* [Collection entries]
*** Block opens ***

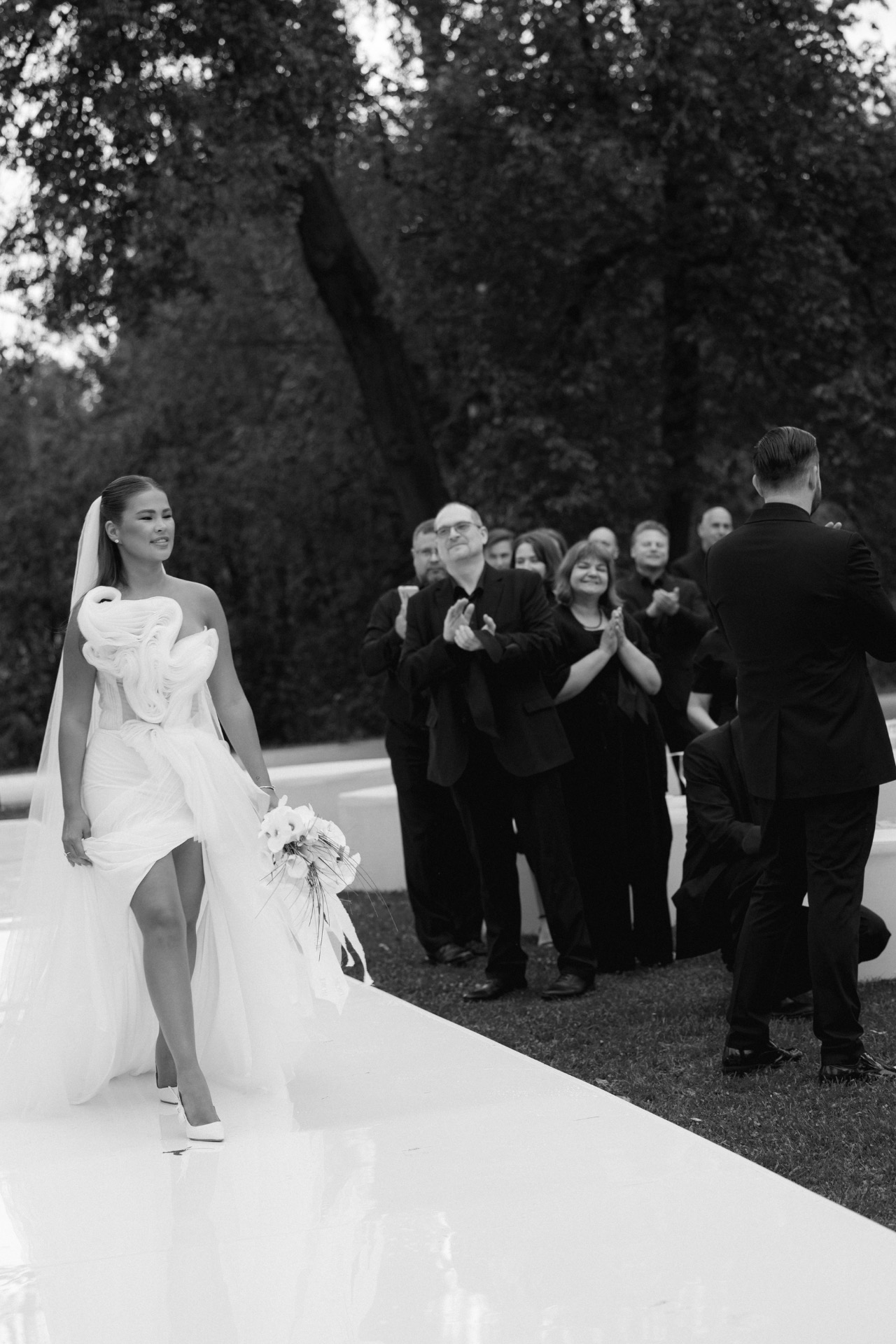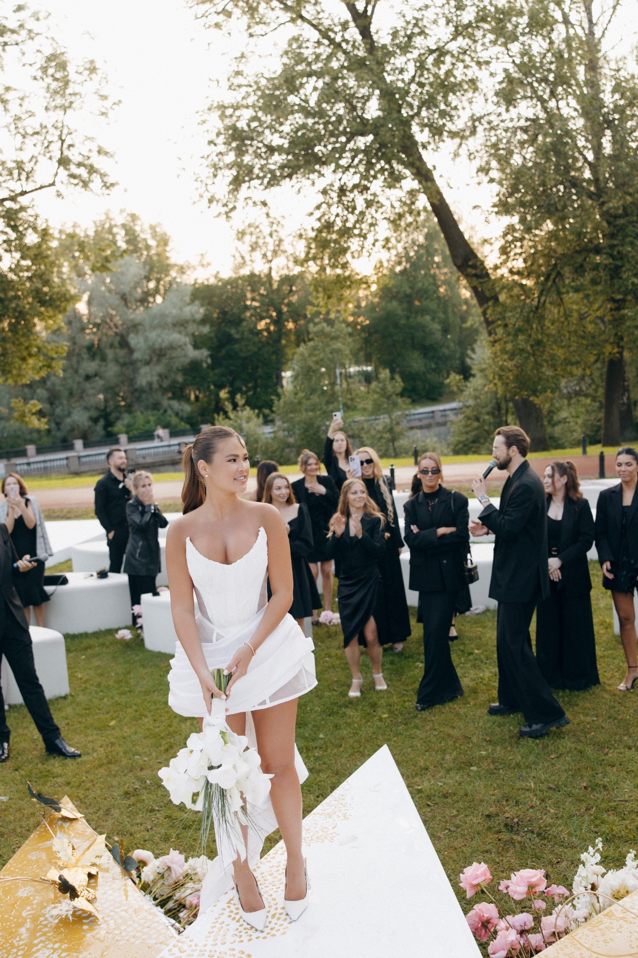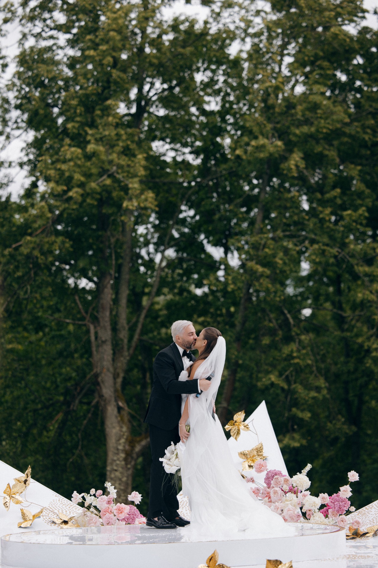 До начала церемонии пошёл тёплый дождь — гости с прозрачными зонтами выглядели словно герои кино. Всё стало ещё атмосфернее, особенно когда дождь закончился ровно к началу.
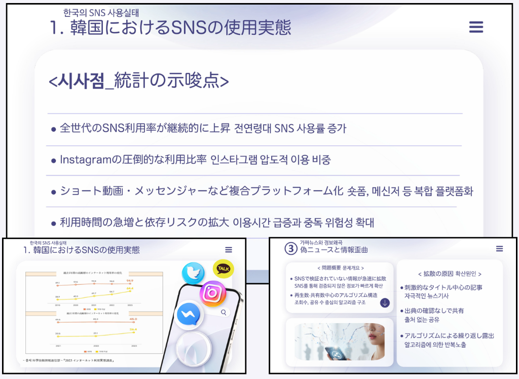 韓国側参加者が自主的に渡航経費を工面して来日し、日本と韓国の共通の課題である「SNSによる社会問題」および「日韓の若者のこれから」をテーマに、参加者それぞれが自身の考えを示し、解決策や今後の発展方策について発表しました。
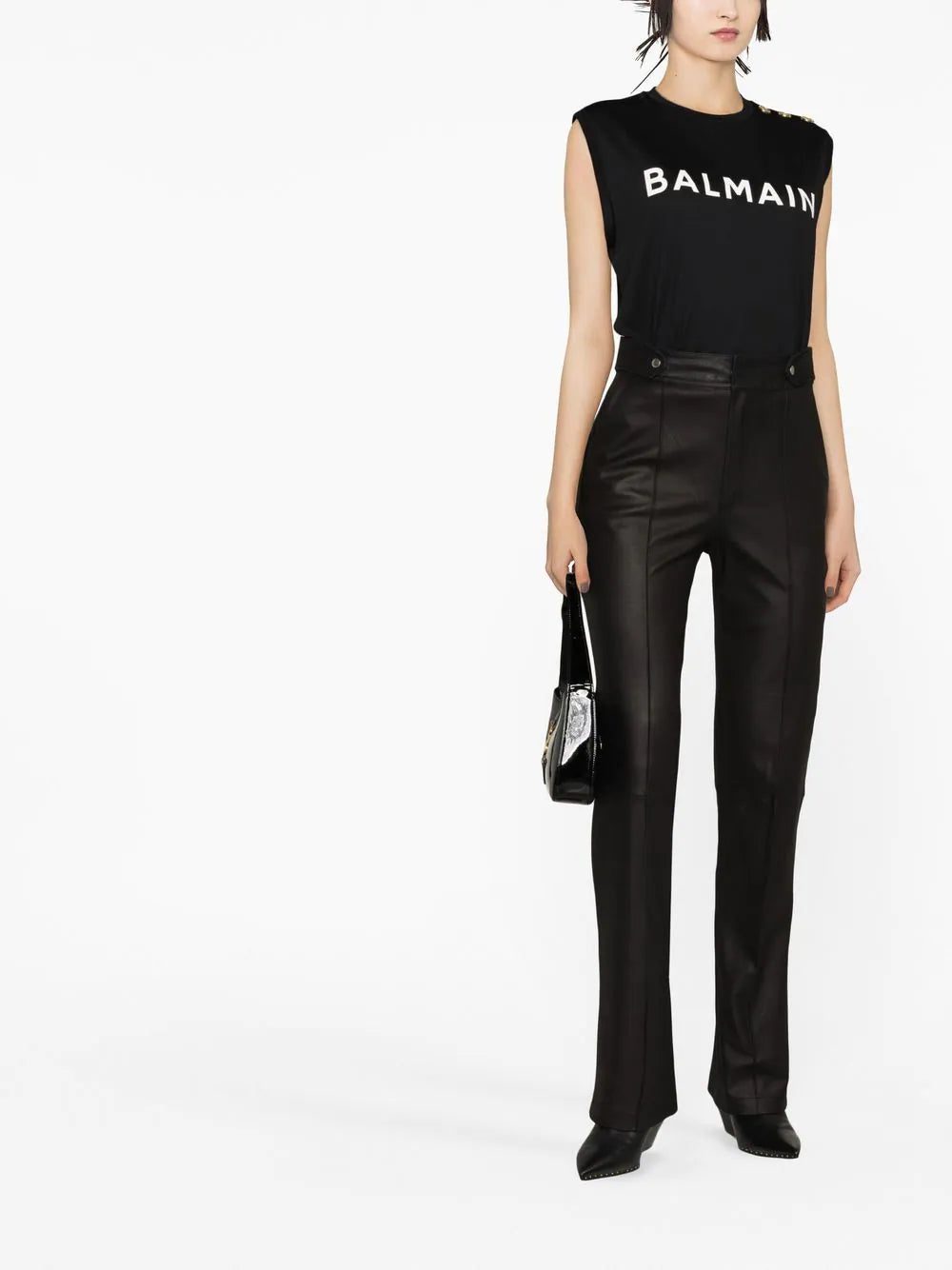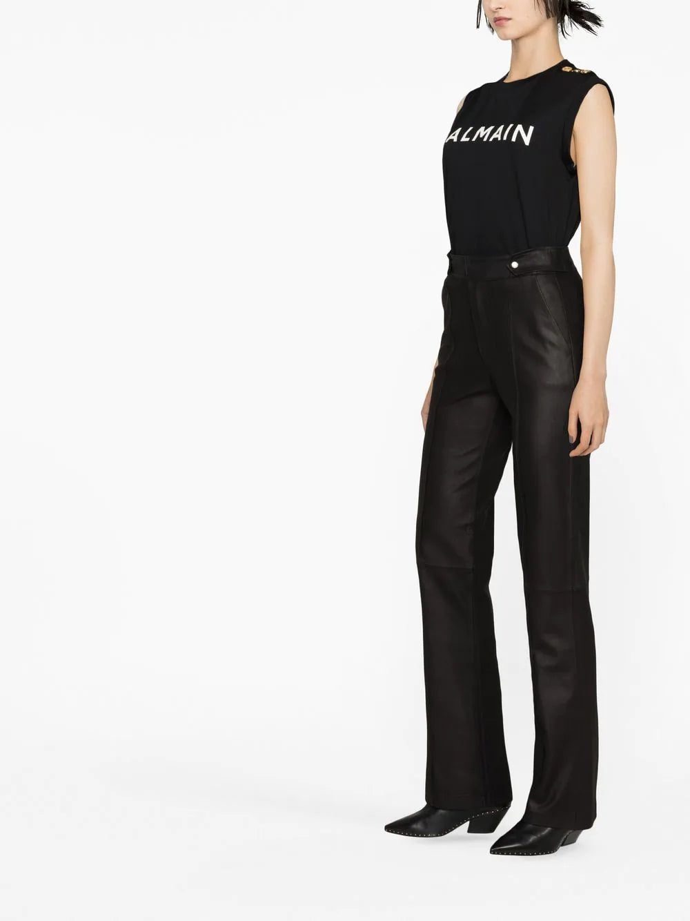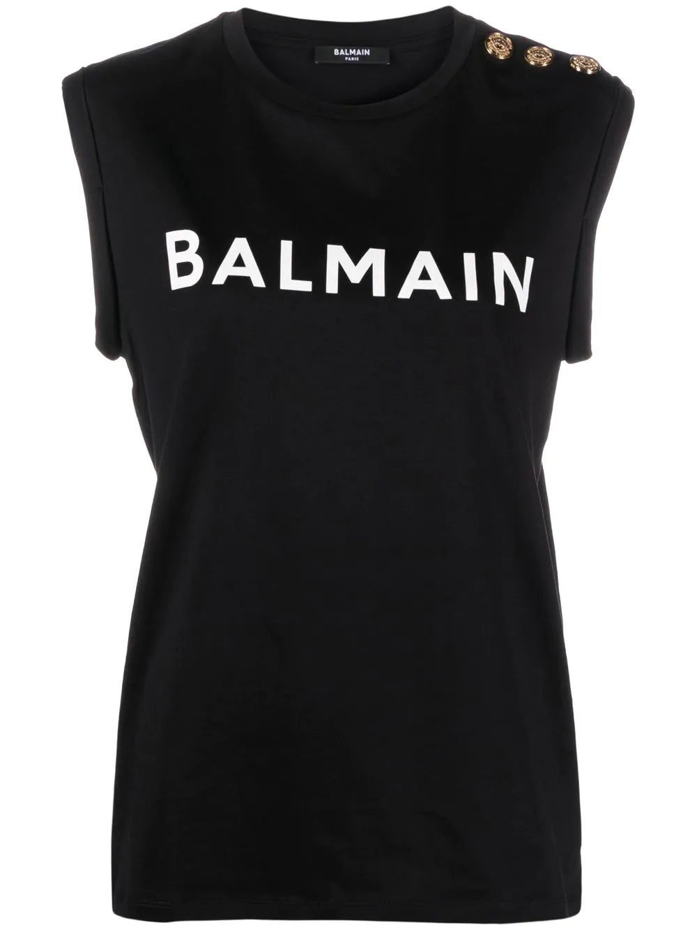 Balmain's signature sense of opulence is continued into casualwear garments such as this sleeveless top from the SS23 collection. This is highlighted through the use of gold-tone button detailing at the shoulder.
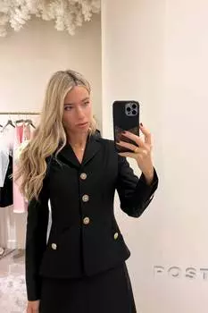 Post Meridiem28800 ₽Жакет приталенного силуэта с V-образным вырезом и декоративными пуговицами для элегантного образа. Цвет: черный.
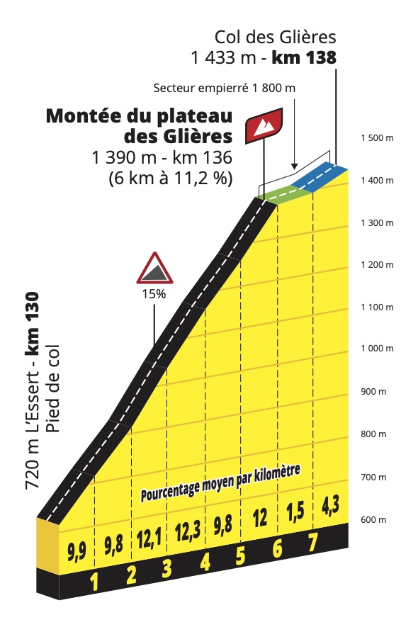 El segundo y último día de descanso anticipa el decisivo tríptico en los Alpes. La 16ª etapa encadena Saint-Nizier-du-Moucherotte (11.1km al 6.5%) y Villard-de-Lans (2.2km al 6.5%), aperitivo de la jornada reina, la 17ª, con una inédita vertiente de la Madeleine (17.1km al 8.4%) y la Loze (21.5km al 7.8%), techo del Tour a 2304 metros, y la 18ª no es menos con el conocido Cormet de Roselend (18.6km al 6.1%) y el temible Gliéres (6km al 11.2%) coronado por un tramo de sterrato.

*** Block closes ***

* [Task to complete]
Leave out the pictures and return every record word for word.

* [Written answer]
 До начала церемонии пошёл тёплый дождь — гости с прозрачными зонтами выглядели словно герои кино. Всё стало ещё атмосфернее, особенно когда дождь закончился ровно к началу.
 韓国側参加者が自主的に渡航経費を工面して来日し、日本と韓国の共通の課題である「SNSによる社会問題」および「日韓の若者のこれから」をテーマに、参加者それぞれが自身の考えを示し、解決策や今後の発展方策について発表しました。
 Balmain's signature sense of opulence is continued into casualwear garments such as this sleeveless top from the SS23 collection. This is highlighted through the use of gold-tone button detailing at the shoulder.
 Post Meridiem28800 ₽Жакет приталенного силуэта с V-образным вырезом и декоративными пуговицами для элегантного образа. Цвет: черный.
 El segundo y último día de descanso anticipa el decisivo tríptico en los Alpes. La 16ª etapa encadena Saint-Nizier-du-Moucherotte (11.1km al 6.5%) y Villard-de-Lans (2.2km al 6.5%), aperitivo de la jornada reina, la 17ª, con una inédita vertiente de la Madeleine (17.1km al 8.4%) y la Loze (21.5km al 7.8%), techo del Tour a 2304 metros, y la 18ª no es menos con el conocido Cormet de Roselend (18.6km al 6.1%) y el temible Gliéres (6km al 11.2%) coronado por un tramo de sterrato.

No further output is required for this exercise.